The chatbot blends a diverse set of conversational skills — including empathy, knowledge, and personality — together in one system.
"This is the first time a chatbot has learned to blend several conversational skills — including the ability to assume a persona, discuss nearly any topic, and show empathy — in natural, 14-turn conversation flows," according to Facebook.
Facebook's team achieved this through a new chatbot recipe that includes improved decoding techniques, novel blending of skills, and a model with 9.4 billion parameters, which is 3.6x more than the largest existing system.
Facebook's team used previously available public domain conversations that involved 1.5 billion training examples of extracted conversations. Provided that the neural networks are too large to fit on a single device, Facebook utilized techniques such as column-wise model parallelism, which allows us to split the neural network into smaller, more manageable pieces while maintaining maximum efficiency.

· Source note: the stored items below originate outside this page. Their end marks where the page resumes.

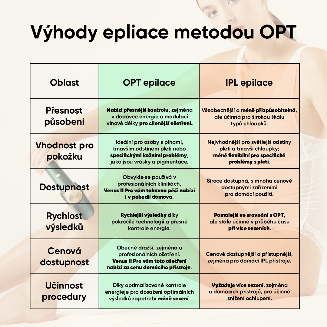 OPT technologie u JOVS Scroll zajišťuje stabilní, rovnoměrné pulzy světla, které pronikají do pokožky přesně a bez kolísání energie – na rozdíl od běžných IPL přístrojů, u nichž výkon často postupně slábne. Díky tomu je ošetření účinnější, bezpečnější a zároveň výrazně komfortnější, protože pokožka není vystavena zbytečnému teplotnímu stresu. OPT tak poskytuje profesionální výsledky s menším rizikem podráždění a s konzistentně vyšší účinností při každém záblesku.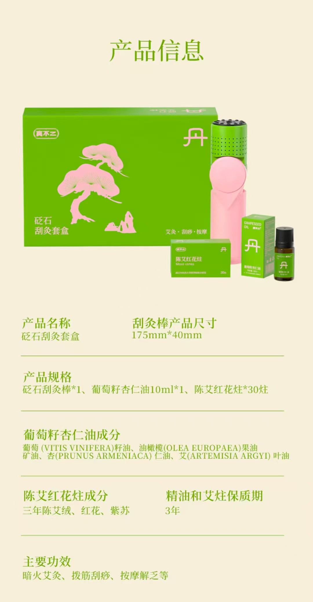 【产品名称】真不二刮灸仪套盒(内含仪器1台+艾柱30颗+精油ml)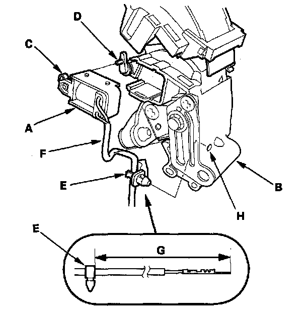 12. Install the harness clamp (E) on the shift lock solenoid harness (F) at 128 - 138 mm (5.0 - 5.4 inch) (G) from the harness terminal end.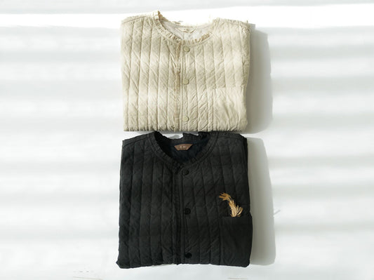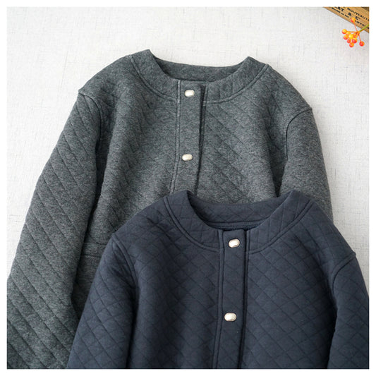 2色展開◇秋冬に大活躍◇キルティングコットン中綿 ノーカラージャケット◇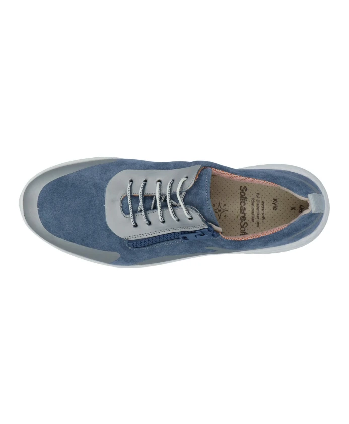 Кроссовки Solidus Kyle сочетают в себе повседневный стиль и комфорт. Они имеют верх из нубука и съемную мягкую стельку, что делает их идеальными для повседневной носки и легких прогулок. Ключевые особенности: Синий | Нубук | Прочная подошва с хорошим сцеплением | Мягкая амортизация для комфортной ходьбы | Дышащая подкладка | Шнуровка с боковой молнией | Съемная стелька, подходящая для ортопедических стелек | Регулируемая шнуровка для индивидуальной подгонки | Повседневный силуэт на шнуровке | Танкетка | Размеры и посадка: Высота каблука: 39 мм | Перепад высоты: 16 мм | Широкая посадка (ширина K) | Состав и уход: Кожа (нубук) | Синтетическая подкладка | Резиновая подошва

The company has released the complete model, code, and evaluation set-up, so that other AI researchers will be able to reproduce this work and continue to advance conversational AI research.
To evaluate their model, Facebook's team benchmarked Blender's performance against Google’s latest Meena chatbot through pairwise human evaluations. Since their model has not been released, Facebook used the roughly 100 publicly released and randomized logs for this evaluation. Using the ACUTE-Eval method, human evaluators were shown a series of dialogues between humans paired with each respective chatbot. They were asked:
“Who would you prefer to talk to for a long conversation?” (showing engagingness)
“Which speaker sounds more human?” (showing humanness)
When presented with chats showing Meena in action and chats showing Blender in action, 67 percent of the evaluators said that Facebook's model sounds more human, and 75 percent said that they would rather have a long conversation with Blender than with Meena.
"We’re excited about the progress we’ve made in improving open-domain chatbots. However, we are still far from achieving human-level intelligence in dialogue systems. Though it’s rare, our best models still make mistakes, like contradiction or repetition, and can “hallucinate” knowledge, as is seen in other generative systems. Human evaluations are also generally conducted using relatively brief conversations, and we’d most likely find that sufficiently long conversations would make these issues more apparent, "Facwbook said.
The company is currently exploring ways to further improve the conversational quality of our models in longer conversations with new architectures and different loss functions. The team is also focused on building stronger classifiers to filter out harmful language in dialogues.